Sheriff M. C. Mingo was in his early fifties and was about as plain a man as I had ever seen in a sheriff’s uniform. He was five-eight or -nine, wore large bifocal eyeglasses, and had the soft, round, mealy-mouthed face and superior churchwarden expression I usually associated with Carolina politicians, all smiling eyes and teeth with just a hint of B’rer Fox glinting behind the glasses. His hair was dyed an unnatural dark brown. He had tiny hands, but his grip when he shook hands with me was surprisingly hard. He wore a perfectly pressed khaki uniform, which could not disguise a tiny potbelly. He had a. 357 Magnum chrome-plated revolver on his hip, and his badge positively gleamed. I gave him points for not wearing one of those ridiculous four-star-general collar devices beloved of so many police chiefs these days. He indicated a chair for me and sat down behind his desk, which was piled high with neat stacks of paperwork.

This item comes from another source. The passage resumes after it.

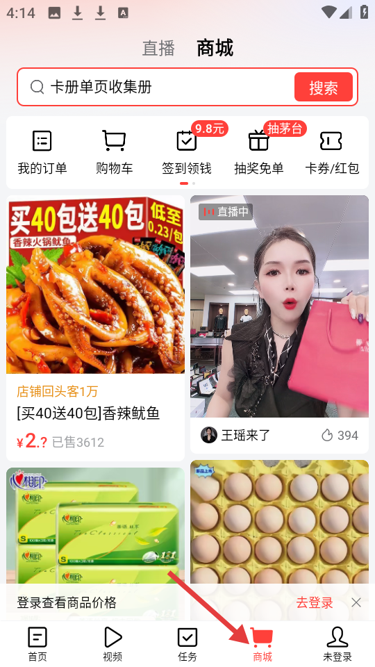 3、商城板塊,直播與商品展示結(jié)合,有香辣魷魚等貨品,涵蓋訂單管理等功能,部分操作需登錄。

“You’re that cat dancer fella, aren’t you,” he said in a mild, high-pitched voice. “Up from Manceford County, right?”
“I’m retired from the sheriff’s office there,” I said. “Doing some private work these days.”
“A private eye,” the sheriff said dramatically. “My gracious. Right here in Robbins County. Who’da thunk it. What can we do for you there, Lieutenant?”
The mention of my old rank spoke volumes. Someone had made a call during my hour-long wait to see the sheriff. I thought I could detect that bighaired bombshell’s perfume lingering in the air.
“A friend has asked me to look into what happened to a probationer ranger assigned to the Thirty Mile ranger station over in Carrigan County,” I replied.
“A friend,” the sheriff repeated encouragingly. His expression was pleasant, but those crinkly eyes had not lost their hard edge.
I smiled. “One of the rangers at Thirty Mile. She was Janey Howard’s mentor. Apparently, the Park Service has put the case into a let’s-move-on box.”
The Sheriff nodded. “Didn’t happen in Robbins County, that much I know,” he said.
“Yes, sir,” I said. “I understand that nobody knows very much about what happened.”
“Now, now,” the sheriff said. “You weren’t listening. I said: It didn’t happen in Robbins County. See, if it had, I’d have known all about it, and we’d have some guilty bastards sweating bullets out in the back cells. Whatever did happen, it must have happened in the national park. That would be on federal land.”
“Bastards, as in plural?” I asked.
M. C. Mingo sat back in his chair and showed some teeth. “Lord love a duck,” he said. “Aren’t you the quick one. Bastards. Plural indeed. Figure of speech, that’s all. Bastards tend to come in small herds in this part of the state.”